> [RECORDED DATA]
================================

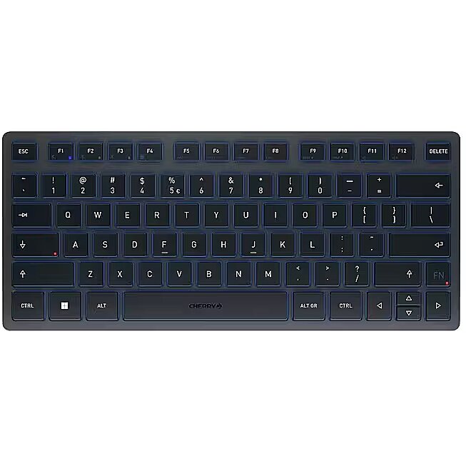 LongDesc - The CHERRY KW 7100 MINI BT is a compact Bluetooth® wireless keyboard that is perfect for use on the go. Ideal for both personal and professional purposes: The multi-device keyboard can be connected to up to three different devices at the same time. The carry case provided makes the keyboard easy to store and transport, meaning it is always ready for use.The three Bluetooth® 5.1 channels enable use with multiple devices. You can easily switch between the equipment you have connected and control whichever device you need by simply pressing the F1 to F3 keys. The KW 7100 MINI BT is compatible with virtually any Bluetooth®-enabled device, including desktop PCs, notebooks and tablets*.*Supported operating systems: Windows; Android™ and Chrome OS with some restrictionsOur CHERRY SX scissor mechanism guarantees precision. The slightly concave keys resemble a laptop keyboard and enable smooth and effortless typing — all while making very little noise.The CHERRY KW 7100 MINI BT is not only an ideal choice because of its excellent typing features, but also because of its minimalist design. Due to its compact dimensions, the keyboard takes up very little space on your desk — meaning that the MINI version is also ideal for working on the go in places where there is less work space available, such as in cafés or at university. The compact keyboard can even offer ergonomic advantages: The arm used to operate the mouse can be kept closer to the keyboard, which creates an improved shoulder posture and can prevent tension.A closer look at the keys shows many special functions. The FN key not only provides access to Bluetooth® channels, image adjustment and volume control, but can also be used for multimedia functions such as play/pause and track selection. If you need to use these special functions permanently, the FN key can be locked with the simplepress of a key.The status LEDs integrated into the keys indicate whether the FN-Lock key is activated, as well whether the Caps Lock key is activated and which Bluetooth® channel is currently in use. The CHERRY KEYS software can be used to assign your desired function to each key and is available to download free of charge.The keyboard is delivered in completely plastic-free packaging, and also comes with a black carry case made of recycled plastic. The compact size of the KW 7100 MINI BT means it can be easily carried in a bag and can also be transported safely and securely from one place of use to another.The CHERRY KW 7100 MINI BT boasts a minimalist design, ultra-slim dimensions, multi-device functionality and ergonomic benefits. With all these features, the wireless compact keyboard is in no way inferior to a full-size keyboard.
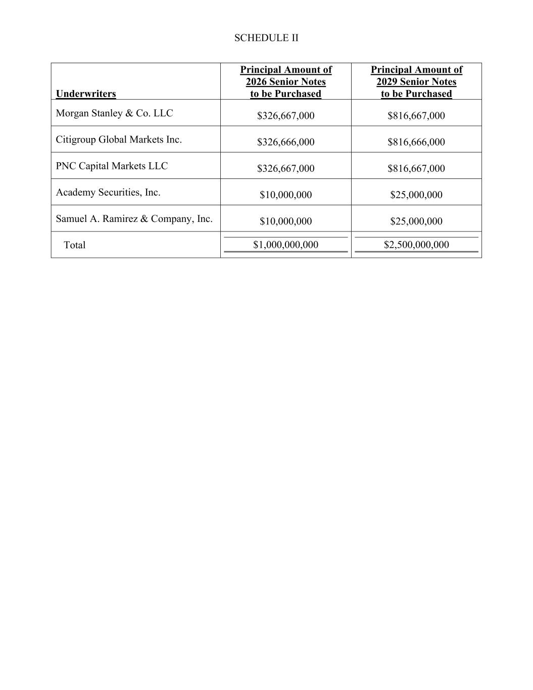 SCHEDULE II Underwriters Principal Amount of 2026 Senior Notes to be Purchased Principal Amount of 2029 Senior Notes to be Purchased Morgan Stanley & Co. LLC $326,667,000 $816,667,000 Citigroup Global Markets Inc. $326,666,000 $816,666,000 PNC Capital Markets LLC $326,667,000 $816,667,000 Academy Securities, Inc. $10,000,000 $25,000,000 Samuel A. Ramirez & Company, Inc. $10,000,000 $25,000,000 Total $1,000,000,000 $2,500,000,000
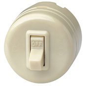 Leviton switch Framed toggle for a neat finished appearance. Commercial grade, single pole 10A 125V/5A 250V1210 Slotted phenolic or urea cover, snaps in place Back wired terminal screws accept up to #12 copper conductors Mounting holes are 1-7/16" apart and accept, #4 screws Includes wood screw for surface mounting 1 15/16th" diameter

================================

> [WORK ITEM] Everything in the listing above must be restated word for word, except the images.

> [RESULT BELOW]
 LongDesc - The CHERRY KW 7100 MINI BT is a compact Bluetooth® wireless keyboard that is perfect for use on the go. Ideal for both personal and professional purposes: The multi-device keyboard can be connected to up to three different devices at the same time. The carry case provided makes the keyboard easy to store and transport, meaning it is always ready for use.The three Bluetooth® 5.1 channels enable use with multiple devices. You can easily switch between the equipment you have connected and control whichever device you need by simply pressing the F1 to F3 keys. The KW 7100 MINI BT is compatible with virtually any Bluetooth®-enabled device, including desktop PCs, notebooks and tablets*.*Supported operating systems: Windows; Android™ and Chrome OS with some restrictionsOur CHERRY SX scissor mechanism guarantees precision. The slightly concave keys resemble a laptop keyboard and enable smooth and effortless typing — all while making very little noise.The CHERRY KW 7100 MINI BT is not only an ideal choice because of its excellent typing features, but also because of its minimalist design. Due to its compact dimensions, the keyboard takes up very little space on your desk — meaning that the MINI version is also ideal for working on the go in places where there is less work space available, such as in cafés or at university. The compact keyboard can even offer ergonomic advantages: The arm used to operate the mouse can be kept closer to the keyboard, which creates an improved shoulder posture and can prevent tension.A closer look at the keys shows many special functions. The FN key not only provides access to Bluetooth® channels, image adjustment and volume control, but can also be used for multimedia functions such as play/pause and track selection. If you need to use these special functions permanently, the FN key can be locked with the simplepress of a key.The status LEDs integrated into the keys indicate whether the FN-Lock key is activated, as well whether the Caps Lock key is activated and which Bluetooth® channel is currently in use. The CHERRY KEYS software can be used to assign your desired function to each key and is available to download free of charge.The keyboard is delivered in completely plastic-free packaging, and also comes with a black carry case made of recycled plastic. The compact size of the KW 7100 MINI BT means it can be easily carried in a bag and can also be transported safely and securely from one place of use to another.The CHERRY KW 7100 MINI BT boasts a minimalist design, ultra-slim dimensions, multi-device functionality and ergonomic benefits. With all these features, the wireless compact keyboard is in no way inferior to a full-size keyboard.
 SCHEDULE II Underwriters Principal Amount of 2026 Senior Notes to be Purchased Principal Amount of 2029 Senior Notes to be Purchased Morgan Stanley & Co. LLC $326,667,000 $816,667,000 Citigroup Global Markets Inc. $326,666,000 $816,666,000 PNC Capital Markets LLC $326,667,000 $816,667,000 Academy Securities, Inc. $10,000,000 $25,000,000 Samuel A. Ramirez & Company, Inc. $10,000,000 $25,000,000 Total $1,000,000,000 $2,500,000,000
 Leviton switch Framed toggle for a neat finished appearance. Commercial grade, single pole 10A 125V/5A 250V1210 Slotted phenolic or urea cover, snaps in place Back wired terminal screws accept up to #12 copper conductors Mounting holes are 1-7/16" apart and accept, #4 screws Includes wood screw for surface mounting 1 15/16th" diameter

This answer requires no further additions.